◆ What the task asks ◆
Leaving the pictures aside, transcribe the data below exactly.

◆ Dataset section ◆
------------
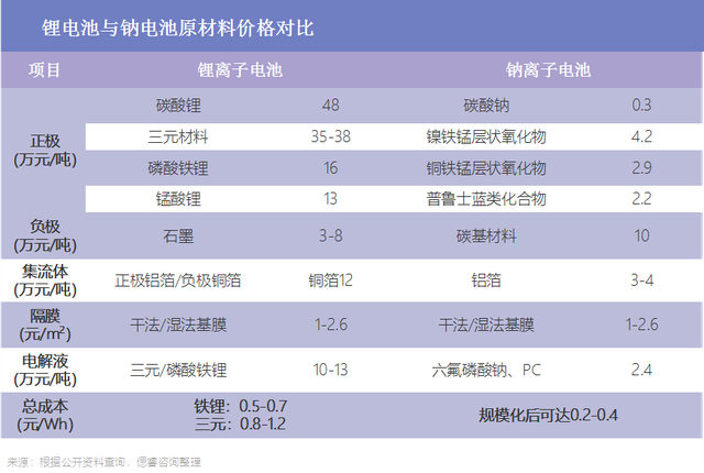 綜合正負(fù)極、集流體、隔膜、電解液等原材料,鋰電池(鐵鋰方案)的綜合成本介于0.5-0.7元/Wh,而鈉離子電池的綜合成本則有望達(dá)到0.2-0.4元/Wh。
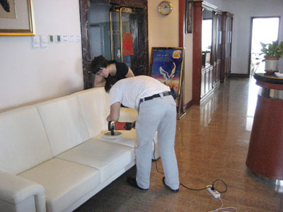 剛買的皮沙發(fā)最好兩年內(nèi)請專業(yè)沙發(fā)護(hù)理公司上門清洗保養(yǎng)一次,因?yàn)檎嫫け砻嬗幸粚颖Wo(hù)層從皮革廠出廠的真皮成品需經(jīng)過裁皮、縫皮、捫皮三個車間做成沙發(fā),再經(jīng)過倉庫、運(yùn)輸、賣場、到你家真皮表面已受了磨損。專業(yè)公司清洗保養(yǎng)沙發(fā)有這幾道工序:清洗、上色彩保護(hù)劑、上手感柔軟劑或光亮劑等。
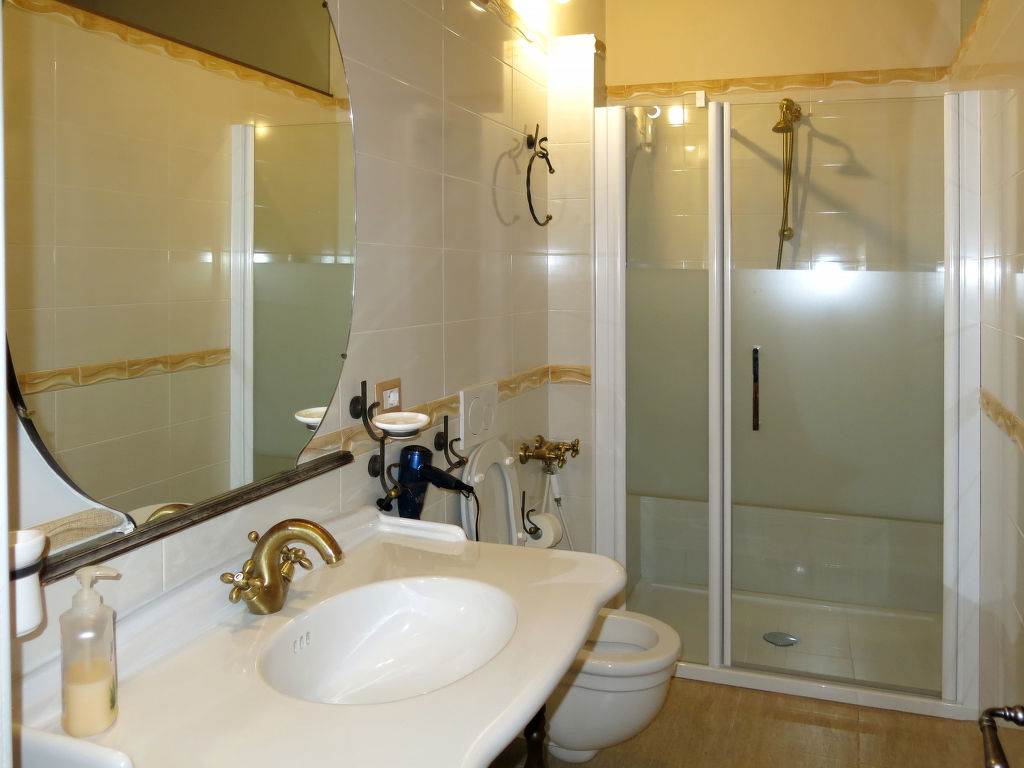4-Zimmer-Wohnung 'Le Rose d'Antan', 1. Etage, ca. 75 m². Wohnküche (4 Induktionsfelder, Backofen, Kühl-/Gefrierkombination, Kaffeemaschine, Toaster) mit Essplatz. Schlafzimmer mit franz. Bett (1,60 m breit) und Einzelbett, Dusche/WC. Zweibettzimmer. Von hier in Schlafzimmer mit Doppelbett und Einzelbett. Dusche/WC. CIR: 005049-CIM-00001
------------
◆ Result of this task ◆
 綜合正負(fù)極、集流體、隔膜、電解液等原材料,鋰電池(鐵鋰方案)的綜合成本介于0.5-0.7元/Wh,而鈉離子電池的綜合成本則有望達(dá)到0.2-0.4元/Wh。
 剛買的皮沙發(fā)最好兩年內(nèi)請專業(yè)沙發(fā)護(hù)理公司上門清洗保養(yǎng)一次,因?yàn)檎嫫け砻嬗幸粚颖Wo(hù)層從皮革廠出廠的真皮成品需經(jīng)過裁皮、縫皮、捫皮三個車間做成沙發(fā),再經(jīng)過倉庫、運(yùn)輸、賣場、到你家真皮表面已受了磨損。專業(yè)公司清洗保養(yǎng)沙發(fā)有這幾道工序:清洗、上色彩保護(hù)劑、上手感柔軟劑或光亮劑等。
4-Zimmer-Wohnung 'Le Rose d'Antan', 1. Etage, ca. 75 m². Wohnküche (4 Induktionsfelder, Backofen, Kühl-/Gefrierkombination, Kaffeemaschine, Toaster) mit Essplatz. Schlafzimmer mit franz. Bett (1,60 m breit) und Einzelbett, Dusche/WC. Zweibettzimmer. Von hier in Schlafzimmer mit Doppelbett und Einzelbett. Dusche/WC. CIR: 005049-CIM-00001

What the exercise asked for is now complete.